What to work on. Lines before the one containing "Casa può accogliere" are not wanted; restate the rest below word for word, through the last line, but drop any pictures.

== Collected material

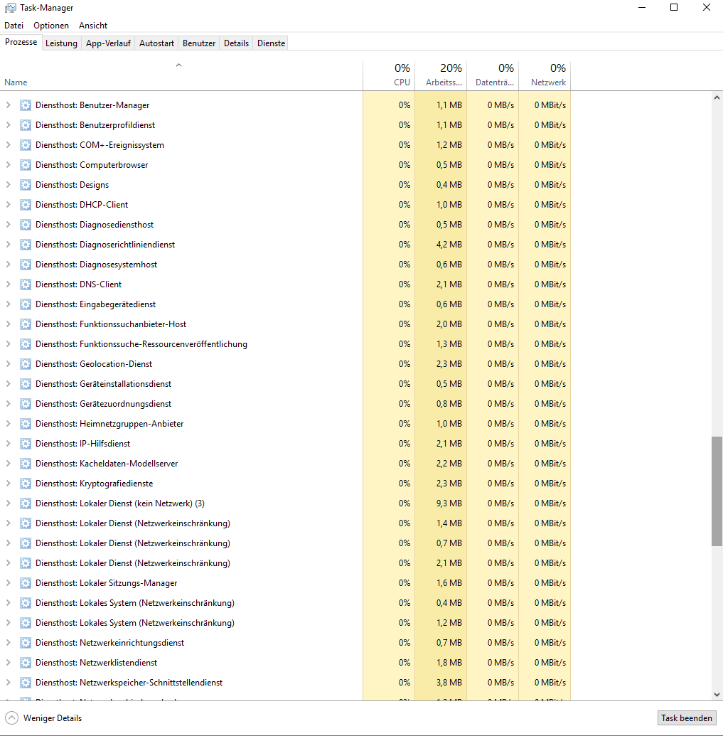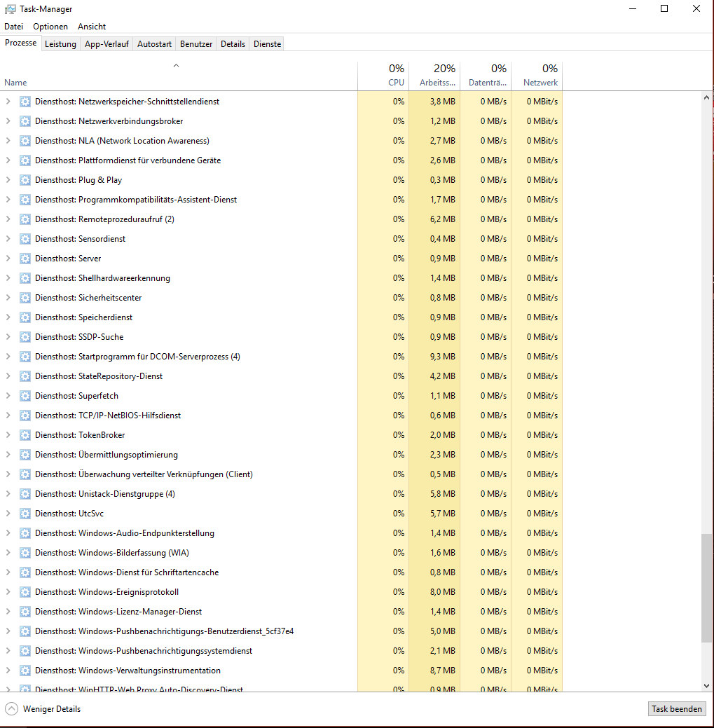 Aber ansonsten ist das normal, zumal einige Programme aus mehrere Subprozessen bestehen, siehe Steam, und die Anzahl der Prozesse am Ende nichts aussagen muss.
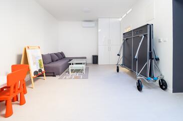 Casa può accogliere 6 ospiti. I letti sono disposti nelle camere da letto che sono 2, e nella camera di soggiorno, su 121m2. Per il piacere totale e il relax c'è il barbecue privato solo per gli ospiti di quest'alloggio. L'unità di alloggio prenotata non ha ne balcone ne terrazzo.
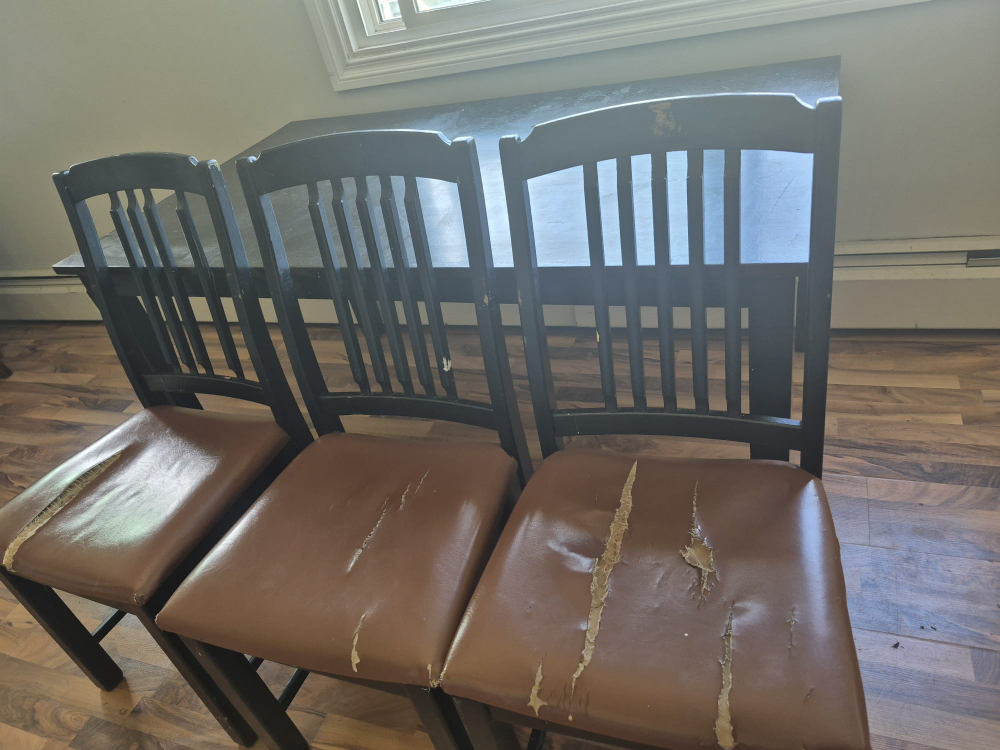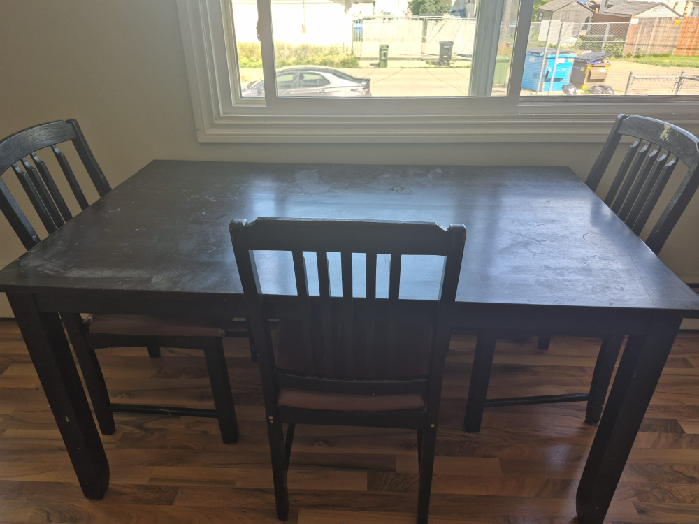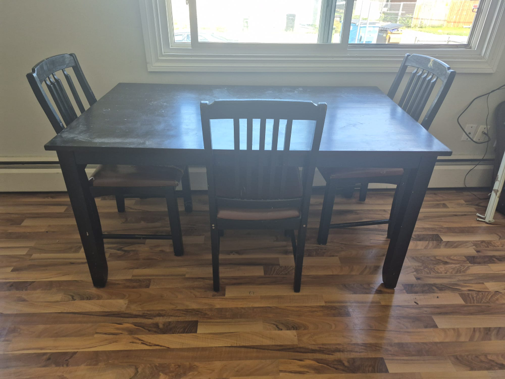 Selling a dining table with 3 chairs. The set has some wear and tear, especially on the chair seats as you can see in the photos. Still a functional set for someone looking for an affordable option!

====

Expected output.
 Casa può accogliere 6 ospiti. I letti sono disposti nelle camere da letto che sono 2, e nella camera di soggiorno, su 121m2. Per il piacere totale e il relax c'è il barbecue privato solo per gli ospiti di quest'alloggio. L'unità di alloggio prenotata non ha ne balcone ne terrazzo.
 Selling a dining table with 3 chairs. The set has some wear and tear, especially on the chair seats as you can see in the photos. Still a functional set for someone looking for an affordable option!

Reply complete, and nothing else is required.